To understand Problem B recursively, think about what you have to do to generate all possibilities for a given element of the solution. Suppose you have already generated the vector [3] (see * above). What comes next?

Well, the next element can't be more than 5, because there are only 5 left out of the 8 that you started with. Also it can't be more than 3 because you're working in non-increasing order. So the next element is at most the minimum of (unplaced remainder) and (previous element).

Also the next element can't be less than 2, because you have to fit the remaining 5 into 3 positions and, again, you're working in non-increasing order. So the next element is at least the smallest integer >= (unplaced remainder)/(number of remaining elements). For this we'll use the ceiling function.

Now that you know the max and min values of the next element, all you have to do is loop over the possibilities. Each possibility goes in as next element in your solution vector, after which you see what's left and where it should go, and make a recursive call to generate the rest of the possibilities.

The docstring at the beginning of Generate() is extremely important, because it states exactly what you have to do and what all the variables mean.
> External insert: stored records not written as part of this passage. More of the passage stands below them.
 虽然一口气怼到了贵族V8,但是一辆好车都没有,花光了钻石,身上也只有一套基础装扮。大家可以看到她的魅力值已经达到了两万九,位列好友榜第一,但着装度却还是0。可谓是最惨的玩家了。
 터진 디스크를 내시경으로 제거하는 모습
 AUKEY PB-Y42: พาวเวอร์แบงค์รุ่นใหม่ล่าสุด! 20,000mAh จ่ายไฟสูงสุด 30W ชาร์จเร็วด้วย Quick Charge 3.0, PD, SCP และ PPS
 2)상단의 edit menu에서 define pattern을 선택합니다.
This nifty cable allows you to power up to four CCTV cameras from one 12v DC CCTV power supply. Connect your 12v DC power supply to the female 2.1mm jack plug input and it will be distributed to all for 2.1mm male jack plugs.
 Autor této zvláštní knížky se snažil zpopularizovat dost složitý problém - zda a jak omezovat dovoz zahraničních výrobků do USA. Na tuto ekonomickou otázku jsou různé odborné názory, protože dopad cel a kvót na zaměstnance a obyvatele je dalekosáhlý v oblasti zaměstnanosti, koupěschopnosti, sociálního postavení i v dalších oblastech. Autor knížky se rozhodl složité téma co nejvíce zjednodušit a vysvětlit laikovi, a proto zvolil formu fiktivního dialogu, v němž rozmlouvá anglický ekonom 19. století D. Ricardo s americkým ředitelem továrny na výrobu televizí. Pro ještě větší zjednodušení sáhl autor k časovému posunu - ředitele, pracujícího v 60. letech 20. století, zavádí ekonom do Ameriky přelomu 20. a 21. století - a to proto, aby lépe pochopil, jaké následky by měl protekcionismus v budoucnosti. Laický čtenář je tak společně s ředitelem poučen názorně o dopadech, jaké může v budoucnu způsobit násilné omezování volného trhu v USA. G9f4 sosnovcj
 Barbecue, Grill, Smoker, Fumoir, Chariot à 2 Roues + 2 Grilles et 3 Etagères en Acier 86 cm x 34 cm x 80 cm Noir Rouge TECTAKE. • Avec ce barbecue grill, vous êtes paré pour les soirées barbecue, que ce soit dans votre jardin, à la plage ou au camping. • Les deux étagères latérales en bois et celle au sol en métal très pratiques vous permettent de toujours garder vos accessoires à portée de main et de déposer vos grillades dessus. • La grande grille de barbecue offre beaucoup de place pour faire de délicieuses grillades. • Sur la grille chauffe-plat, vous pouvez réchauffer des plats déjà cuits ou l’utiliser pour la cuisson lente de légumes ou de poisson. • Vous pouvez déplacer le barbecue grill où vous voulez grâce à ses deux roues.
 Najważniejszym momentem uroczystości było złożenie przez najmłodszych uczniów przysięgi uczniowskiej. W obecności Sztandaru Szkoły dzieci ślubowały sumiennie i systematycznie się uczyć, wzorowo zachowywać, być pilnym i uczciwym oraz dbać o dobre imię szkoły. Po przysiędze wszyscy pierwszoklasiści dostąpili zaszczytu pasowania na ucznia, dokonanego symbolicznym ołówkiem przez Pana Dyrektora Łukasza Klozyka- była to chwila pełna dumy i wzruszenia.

Once you write it, the function is obvious (almost :P ).

Whenever your vector is complete, call a result function to deal with it. There are lots of complicated things you might want to do... all I've done is write a print routine to generate the output I showed you above. Also I have solved Problem A there by "adding water" to the results of Problem B.

Bear in mind that the results are generated one at a time and function Result() is called exactly once for each, so if you want to deal with them you have to do it in Result(), one result at a time.

Here's the program.

``````import math

def GetParts(A, N):
global ResultCount

ResultCount = 0
B = A - N*(N+1)/2
if B > 0:
Generate(B, N-1, B)

def Generate(Rem, Ind, Prev):
''' Following the existing elements of V (if any),
generate all partitions of Rem into at most Ind parts,
with parts in non-increasing order, and no part greater than Prev.
'''

if Ind < 0:
Result()
else:
MaxElt = min([Prev, Rem])
MinElt = int(math.ceil(Rem/(Ind+1.0)))
for Elt in range (MaxElt, MinElt-1, -1):
V.append(Elt)
Generate(Rem-Elt, Ind-1, Elt)
V.pop()

def Result(): # For demo
global ResultCount

ResultCount += 1
N = len(V)
print repr(ResultCount) + ': [',
for J in range(N-1):
print repr(V[J] + N - J) + ',',
print repr(V[N-1] + 1) + ' ] [',
for J in range(N-1):
print repr(V[J]) + ',',
print repr(V[N-1]) + ' ]'

#--------------------

V = []
GetParts(18, 4)``````

I hope this isn't homework, because if so I have taken away your initiative. But if you're trying to learn how to do it, this little demo might help. Note that the entire solution takes just 9 lines.

The method I'm showing you is called recursive combinatorial generation. It's very powerful and has lots of interesting applications in computational mathematics.